Endorsed Reasons for Participating in a Research Study
The five most frequently endorsed reasons for participating in a research study are presented in Figure 2A. The majority of women endorsed “I like to get information about my health” (63%) and “The money helps” (63%) as reasons for participating in research. Nearly half of the women endorsed “To help others” as a reason for participating in research.
Endorsed Reasons for Not Participating in a Research Study
The ten most commonly endorsed reasons for not participating in research are described in Figure 2B. Leading selections were: “I didn't know where to get information about studies” (29%) and “I've never been told about studies” (29%).
Endorsed Factors Promoting Sustained Participation in a Research Study about Heart Disease
The six most commonly endorsed factors promoting sustained participation in a longitudinal research study are presented in Figure 3. Four out of these top five responses center around good communication between study staff and participants. Additional factors endorsed included: “Access to a website that provided updates about the study” (28%), “Receipt of a payment at each study visit” (28%), “ Receive a newsletter with updates about the study” (21%), “Childcare during my visit” (7%), or “Other” related to study stipend (7%).
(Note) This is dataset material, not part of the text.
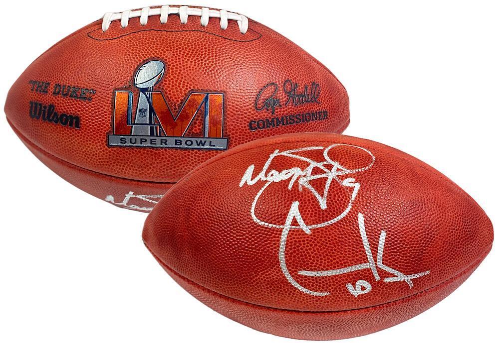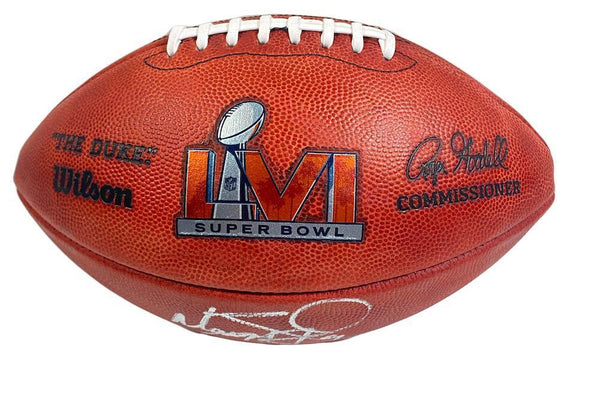 This authentic Super Bowl LVI Duke official football has been personally hand-signed by Matthew Stafford and Cooper Kupp. It is officially licensed by the National Football League and comes with an individually numbered, tamper-evident hologram from Fanatics Authentic. To ensure authenticity, the hologram can be reviewed online. This process helps to ensure that the product purchased is authentic and eliminates any possibility of duplication or fraud.The autograph includes an official Fanatics hologram and matching COA for authenticity purposes.Comes with a tamper-evident hologram from Fanatics AuthenticatedOfficially licensed by the NFL MONEY BACK GUARANTEE! If for any reason you are not completely satisfied with the quality or authenticity of your purchase, we will gladly give you a full refund or exchange, whichever you prefer up to 30 days after purchase. Please feel free to e-mail us with any questions. Thank you. Authenticator Pre-Certified Authenticator: Fanatics Authenticated History of item: Matthew Stafford and Cooper Kupp have signed this item in the presence of a representative from Fanatics. Describe how you came to possess this item: Super Sports Center is a fully authorized dealer for Upper Deck Authenticated as well as Mounted Memories and Steiner Sports. Other information about you and / or the item: Super Sports Center strives to deliver the most authentic in sports memorabilia from trusted companies like Mounted Memories, Steiner Sports and Upper Deck Authenticated. If it exists, we can find it for you!

Factors Identified as Helpful or Warranting Improvement During Participation in a Research Study
Women were asked to list up to 3 things which were helpful and 3 things which could have been improved during participation in a previous research study. This item was an open-ended question and 10 women gave at least one response for helpful factors, and 8 women gave at least one response for factors that could have been improved.
Helpful factors identified included:
Informational: “information”; “education“; knowledge”
Communication-centered: “calls”; “reminders”; “emails”; “follow up”; “communication”; and “communication about results”
Relational: “understanding”; “experience”; “very personable staff”
Compensation-centered: “money”; “gift card”; “transportation“; “some medication”
Other: “rest”; “helping myself and others”
A summary of factors which could have been improved included:
Informational: “not enough information about the study”; “more information on different cancers”
Compensation-centered: “more services [offered in the study]; “less time of study”; “better food” “screening stipends”
Other: “better screening process”; “better HIV, bone, or diabetes studies”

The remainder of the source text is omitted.